I have spent the last two days sitting in a court room in support of my brother, Scott and his business partner. who are being sued by a third, ex-business partner. This is my first real live court experience. I have been called to jury duty a few times but each time the trail has been cancelled (thank heavens!). So I was thinking Law & Order court room. Not so much!!

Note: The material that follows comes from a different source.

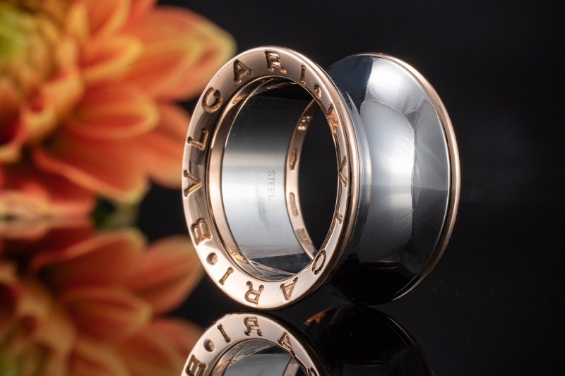 Breiter Bulgari Ring Bvlgari Mit Edelstahl Und 750er Rotgold Grosse 53

I can't believe how one person can twist, turn, and construe the truth (and then convince his attorney) to be what he wants it to be. Am I prejudice since it's my brother? A little. I can't believe how common sense challenged some people are. Am I judging this person? Yes. Are there two sides to every story? Yes. Do I know the background of this case? Yes. Is there overwhelming evidence who is correct? Yes. Is this a moral issue? Yes. Is this a financial issue? Yes. Could this issue have been resolved without going court? Yes, a hundred times yes. Why are they in court? Pride. Do I have anything a stake in the judge's decision? Possibly, possibly not. Am I incredibly grateful for a brother has stood his ground, through this 2 year battle, for what he believes is right and honest? Yes, without a doubt. Am I grateful for a employment family who has supported Scott through all of this? Yes. At the end of the day, can I say I love my brother regardless of the outcome? Definitely, Yes!

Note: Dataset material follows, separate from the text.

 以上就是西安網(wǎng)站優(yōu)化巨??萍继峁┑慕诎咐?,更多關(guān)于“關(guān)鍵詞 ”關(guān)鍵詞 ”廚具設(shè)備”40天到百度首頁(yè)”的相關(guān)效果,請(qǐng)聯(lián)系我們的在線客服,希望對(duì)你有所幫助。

I'm sure Scott doesn't read my blog, but I want him to know how impressed I've been with his level headiness, his diligent research, his willingness to try to resolve the issue multiple times, his determination to persevere, his openness about the situation, his ability to analyze the situation and think rationally, his ability to continue on with daily obligations while this is hanging over his head, his love for his employees and family, and his honesty and integrity.

3 comments:

Anonymous said...

sorry courts not so fun But i tagged you and thats fun :-)
brooklyn

Amelia said...

I hope this is all over soon! I went to a trial for my Grandpa a few years back. It was heart breaking and exhausting. Good luck!

Justin said...

Sorry to hear about this Kara. I really do feel for you and your family. Jerin and Bryce just went through this recently and it isn't over. I just don't understand some people and the way they think. It is scary they are living among us. Hang in there!